[Octoparase User Review] By Fabrice Siebert – Basic Plan User
A nightware for a web crawler without using any tools!
I have been crawling and parsing websites for a while, with use of php and cUrl. Years after years, it sounded clear that my extracting routines running on my server were more and more difficult to maintain in a good working shape. In fact, websites regularly change minor things on their pages; and in the best case, you wouldn’t get some or all of the awaited data anymore, in the worse case, absolutely inaccurate data.
Then came for me (and I must admit, my limited skills) THE hammer: AJAX ! Yes, HTML + Javascipt + CSS + DOM… And the dynamic pages that don’t load at first sight, that wait for you to click on a button, that just show as you scroll down, that exchange static pictures URLs with Javascipt dynamically shown pictures… In two words: a nightmare!
So, I had to find a way to still be able to extract my needed data, without having to pass an engineer degree in information technology… had to be fast, had to be robust!
Why I choose Octoparse?
I gave a try to some scraping tools, and my final choice was made to Octoparse. Several reasons for it :
- Easy to set up.
- Lots of tutorials to start easily.
- Ajax is handled as easy as a basic HTMLURL… as if it wouldn’t be any Ajax routines on the pages. It’s really what make me give a try… because I was unable to access the most important part of the data I needed… hidden behind an ‘Display’ Ajax button that I wasn’t able to deal with (with php / cUrl)
- 10 tasks are offered for free.And as far I know, they won’t be public tasks as it’s the case with some of Octoparse competitors.
- Smart Mode and Wizard mode make it easy to find the data, often at first sight. Sometimes you need to find alternate ones… but Octoparse tries to do it for you.
Advanced Mode: the most important part!
But of course, the Advanced Mode is the most important part. You don’t need to start with it : Start with smart, or with wizard, and then Edit in Advanced Mode… and extract with accuracy what you need.
I’ve been using kind of Xpath for years with php… but here, its easy and clear. You can even save a data extraction configuration files, to be used in new project, or elsewhere.
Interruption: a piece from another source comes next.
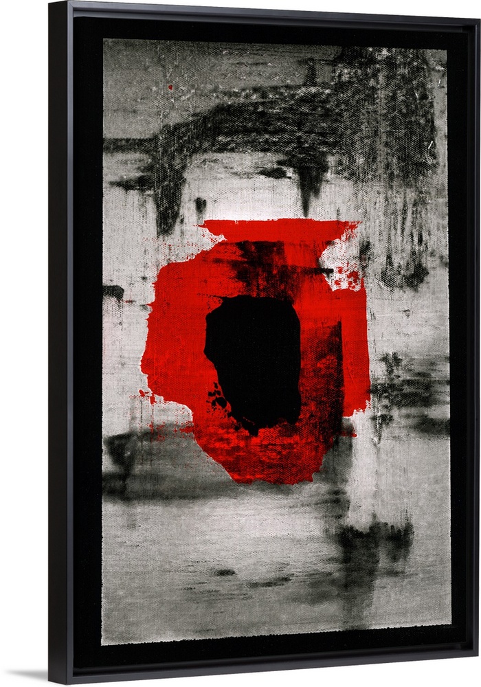 <p>Contemporary abstract painting made with dark black and gray hues, a bright red shape in the middle, and a solid black boarder.</p>

The only drawback I have noticed, is that Octoparse uses mostly children/children/children XPath ways, that seems, to me, less robust than locations with specific attributes like class, ID, or others, when Wizard Mode is used. But of course, you can make it more robust and edit it in the advanced mode.
Formatting the data before exporting them is now easy, and helps to shrink the volume of data.
I’ve not been using Octoparse for a long time, but it should definitively help me to gain a lot of time… and money (as far as I’m able to set up the APIs… 😉